*Excerpted records*

++++++++++++++++++++

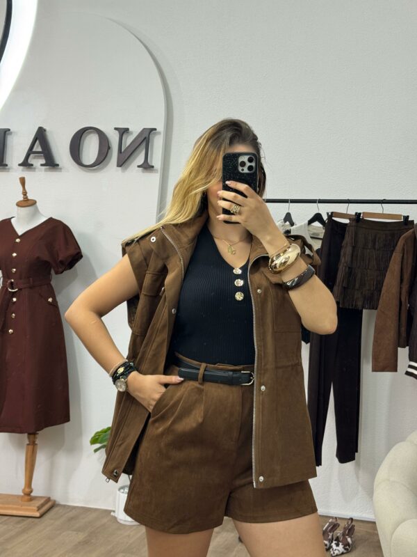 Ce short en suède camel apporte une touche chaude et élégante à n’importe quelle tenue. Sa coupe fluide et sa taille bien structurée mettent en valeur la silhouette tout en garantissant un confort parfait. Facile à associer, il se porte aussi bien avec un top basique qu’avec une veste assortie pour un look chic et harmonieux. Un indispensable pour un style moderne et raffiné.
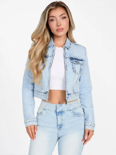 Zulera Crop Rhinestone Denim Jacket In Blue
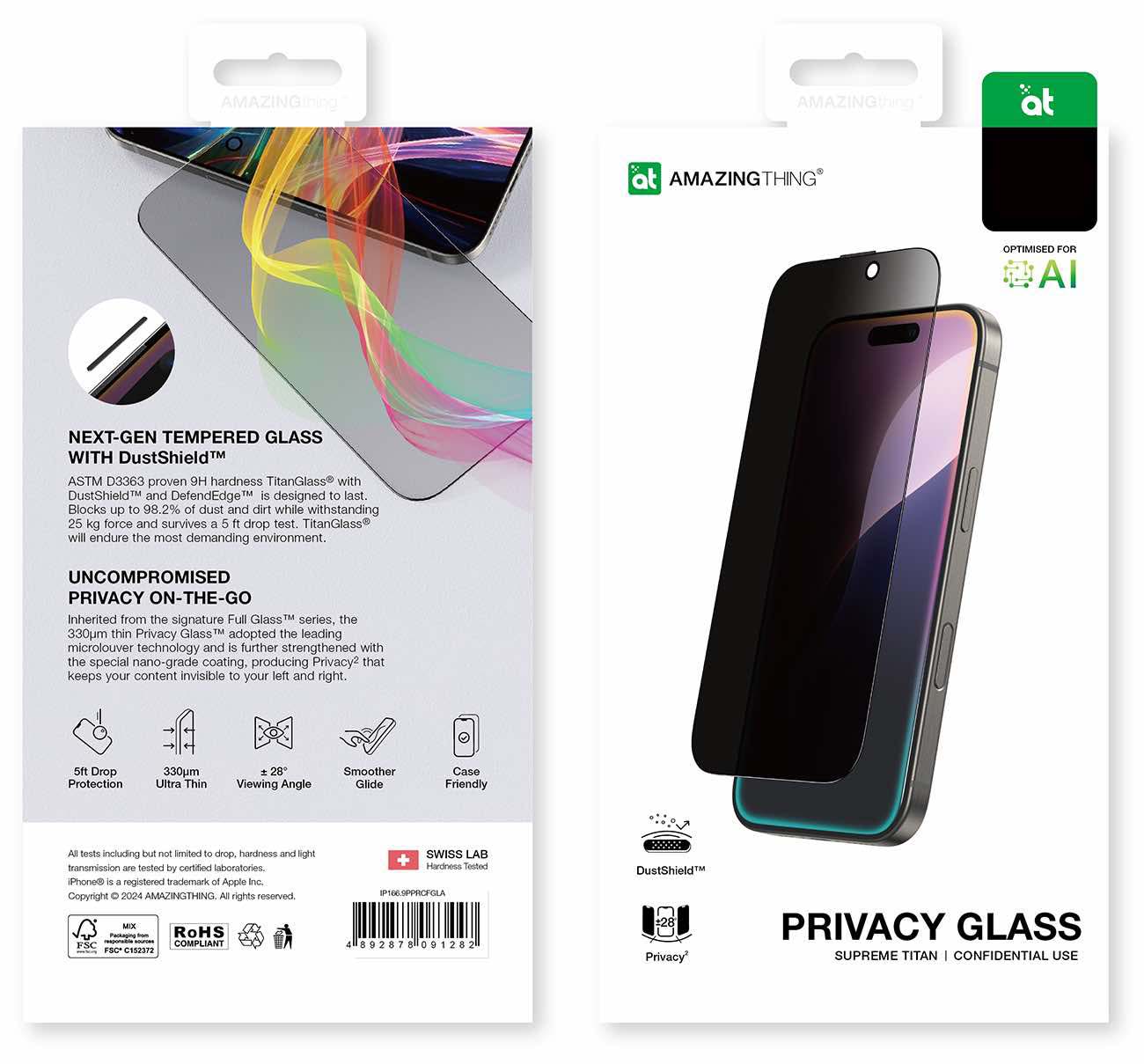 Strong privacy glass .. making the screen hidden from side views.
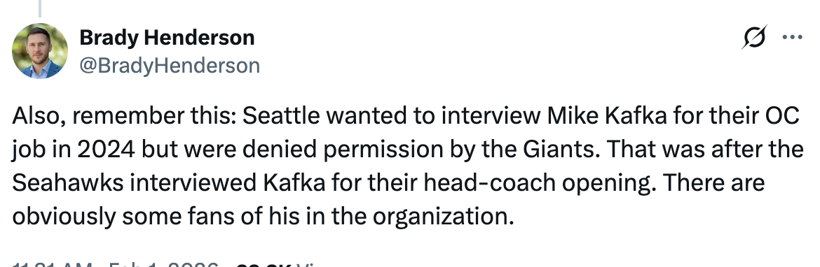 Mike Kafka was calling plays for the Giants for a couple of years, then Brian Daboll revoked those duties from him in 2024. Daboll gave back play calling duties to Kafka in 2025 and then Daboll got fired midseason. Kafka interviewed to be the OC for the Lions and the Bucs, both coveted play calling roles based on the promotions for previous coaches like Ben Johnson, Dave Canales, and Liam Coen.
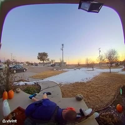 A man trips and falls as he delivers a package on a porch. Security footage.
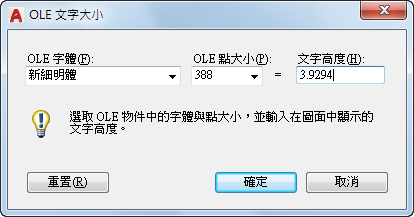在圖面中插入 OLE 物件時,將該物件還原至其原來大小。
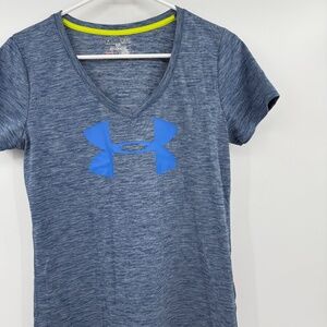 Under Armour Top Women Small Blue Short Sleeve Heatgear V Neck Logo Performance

++++++++++++++++++++

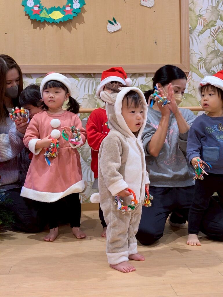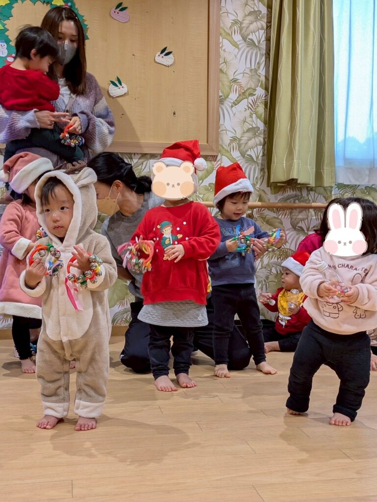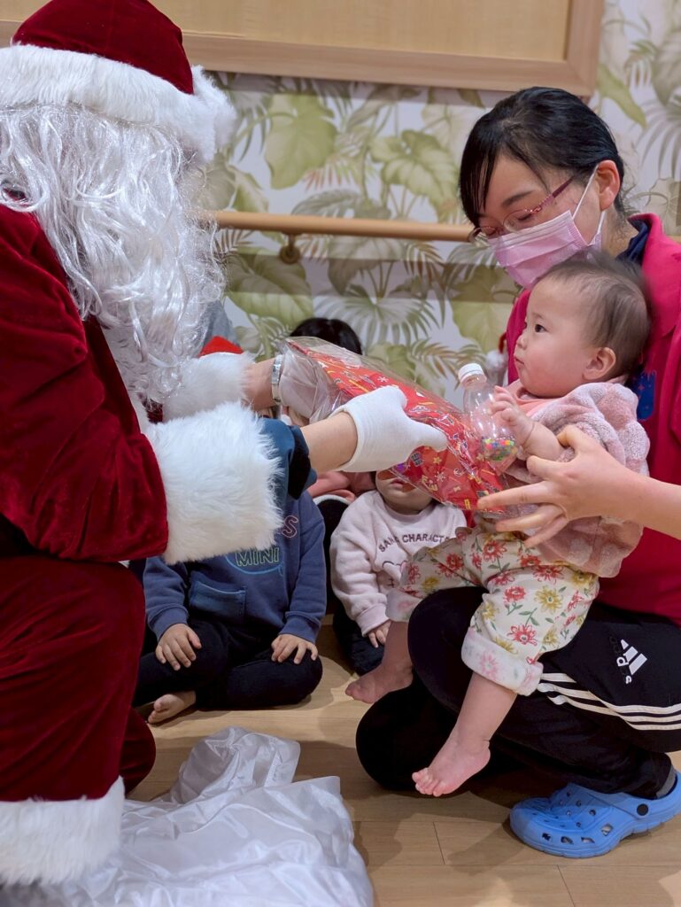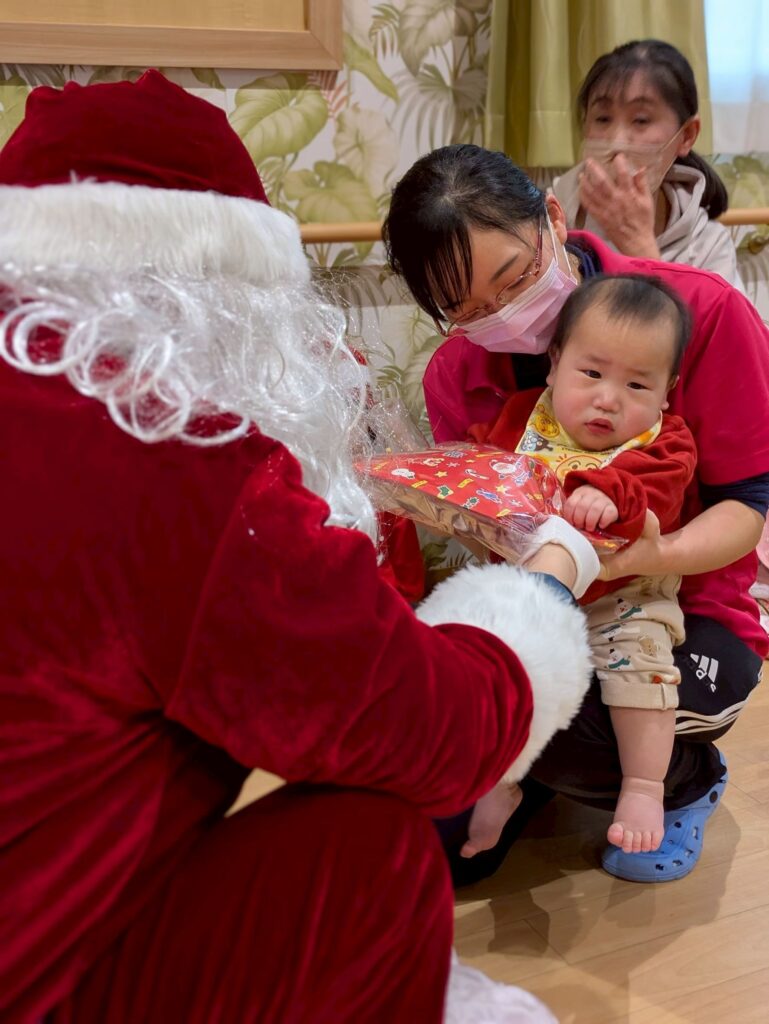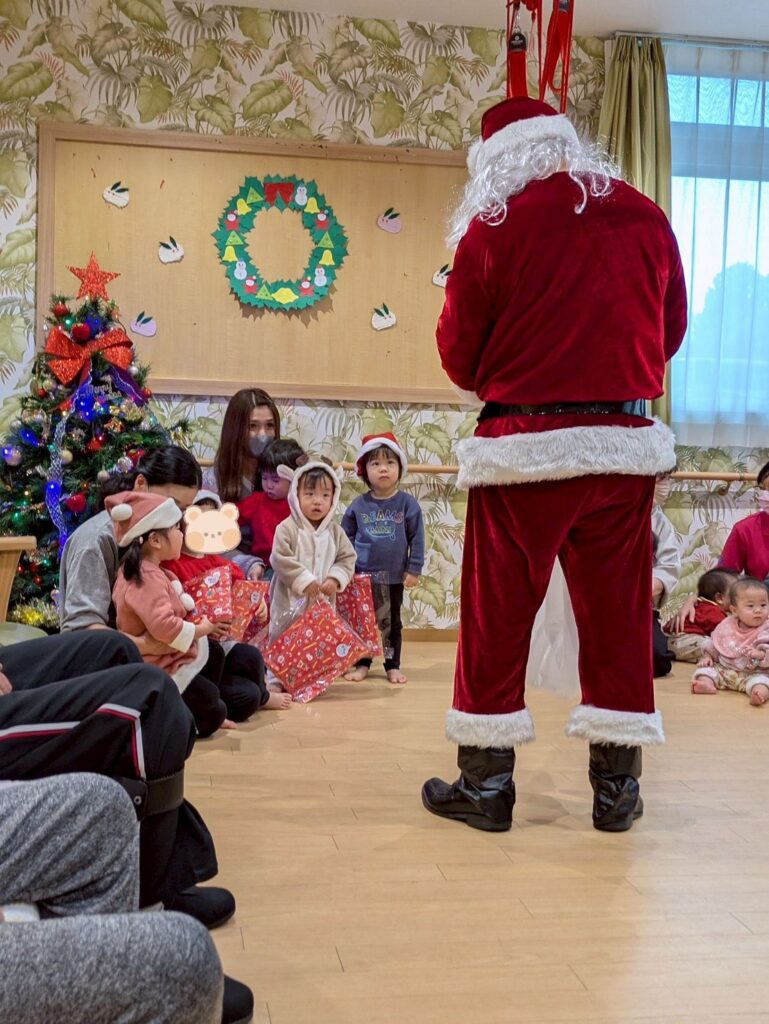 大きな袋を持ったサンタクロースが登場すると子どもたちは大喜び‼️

++++++++++++++++++++

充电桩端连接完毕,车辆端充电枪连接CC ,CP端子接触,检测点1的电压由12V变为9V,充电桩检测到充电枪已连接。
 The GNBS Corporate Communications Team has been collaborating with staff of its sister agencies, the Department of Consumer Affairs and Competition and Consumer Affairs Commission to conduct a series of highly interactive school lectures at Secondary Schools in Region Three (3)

++++++++++++++++++++

*Activity*
For this exercise, return exactly the lines above from the line with "Zulera Crop Rhinestone Denim Jacket In Blue" through the line with "Under Armour Top", both included. Do not copy the pictures.

*Your response*
 Zulera Crop Rhinestone Denim Jacket In Blue
 Strong privacy glass .. making the screen hidden from side views.
 Mike Kafka was calling plays for the Giants for a couple of years, then Brian Daboll revoked those duties from him in 2024. Daboll gave back play calling duties to Kafka in 2025 and then Daboll got fired midseason. Kafka interviewed to be the OC for the Lions and the Bucs, both coveted play calling roles based on the promotions for previous coaches like Ben Johnson, Dave Canales, and Liam Coen.
 A man trips and falls as he delivers a package on a porch. Security footage.
在圖面中插入 OLE 物件時,將該物件還原至其原來大小。
 Under Armour Top Women Small Blue Short Sleeve Heatgear V Neck Logo Performance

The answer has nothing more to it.